Stoking the fires


At times, I know exactly what I’m about, so writing up the title for my post is easy and even sets the tone for the whole piece. Yesterday and today, it’s been the opposite. I’m having to write up the entry and derive a title from it.

Fear has been creeping in slowly into my mind and as Herbert put it, fear is the mind killer. It needs to be faced and put in its proper place. Since I think in bullet points, here are the ones creeping in lately:

  • Career – I’ve been off my job since June last year and I’ve no desire to get back into the fray. Do I have a career anymore?
  • Big expectations – As an organizer for a conference coming up in April, I’m working on one fear with two faces: Doubt. Can I really pull it off? Will we succeed in delivering a good performance?
  • Confrontation – I’ve known for  a while, that I fear the unknown. This translates into my fear of deep water; I can’t dive! And at other times, it comes up in situations like dealing with neighbors whom I barely know and dealing with the almost daily requirement confrontation that I seem to find in India in other areas

I can’t seem to find any comforting answers to take away these fears, so I need to persevere. A quotation I once noted down said, “things will probably turn out to be just fine, but it takes nerves to just watch.”
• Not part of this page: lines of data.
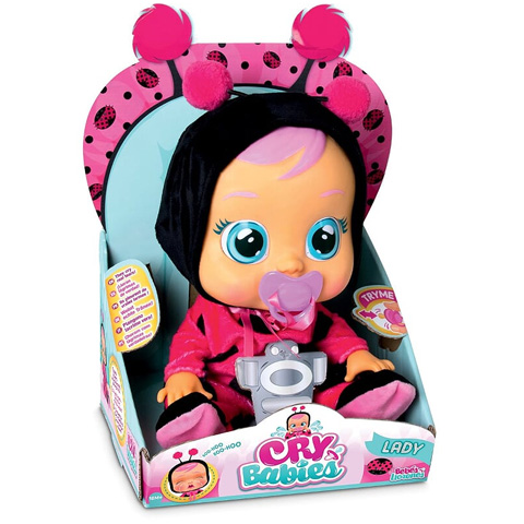 Lady nagyon ragaszkodik a cumijához, ezért, ha elveszed tőle, az cuki katica ruhás baba azonnal keserves sírásba kezd, miközben csak úgy potyognak a krokodil könnyek. Jól olvastad, az interaktív baba képes a valódi sírásra. A funkcióhoz vedd le a sapkáját, és töltsd meg a buksiján lévő speciális edényt vízzel. Ha megsimogatod a kicsi hasát, különböző babahangokkal fog reagálni a gondoskodásra, ahogyan arra is, ha megcsikized a kezét. Lady mellett még több cuki könnyes baba is vár rád kínálatunkban, akik már alig várják, hogy anyukájuk elringassa őket.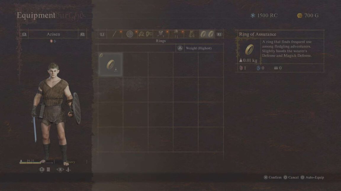 Déplacez-vous vers l’Anneau d’Assurance et sélectionnez-le pour le retirer du stockage. Pour équiper l’Anneau d’Assurance en Le dogme du dragon 2dirigez-vous vers l’onglet équipement, sélectionnez l’anneau et choisissez la main dans laquelle vous souhaitez l’équiper.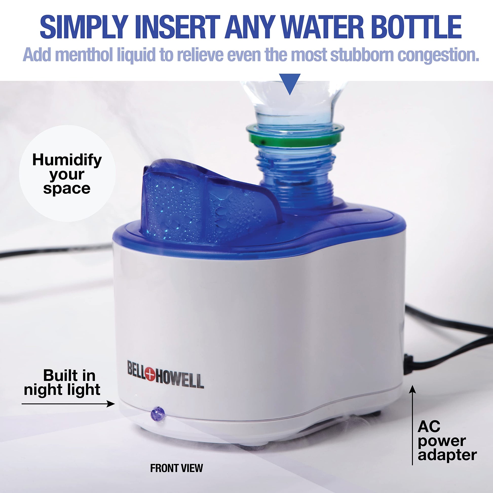 Bell+Howell Ultrasonic Personal Portable Humidifier-Cool Mist- lasts up to 12 hours per water bottle

Another dimly remembered story comes to mind – of a reactionary who’s given up on his comrades and is sulking in his home in front of the fire. One day a close friend comes by and sits silently beside him. After a short while, using the poker he extracts a red hot coal from the fire and sets it on the hearth. Soon, the color dims and all that is left behind is ash.

Yet, if you heap too many coals together, it takes a lot to get the fire going. An interesting conundrum here: company to keep the fires burning and some breathing spaces to keep it from choking.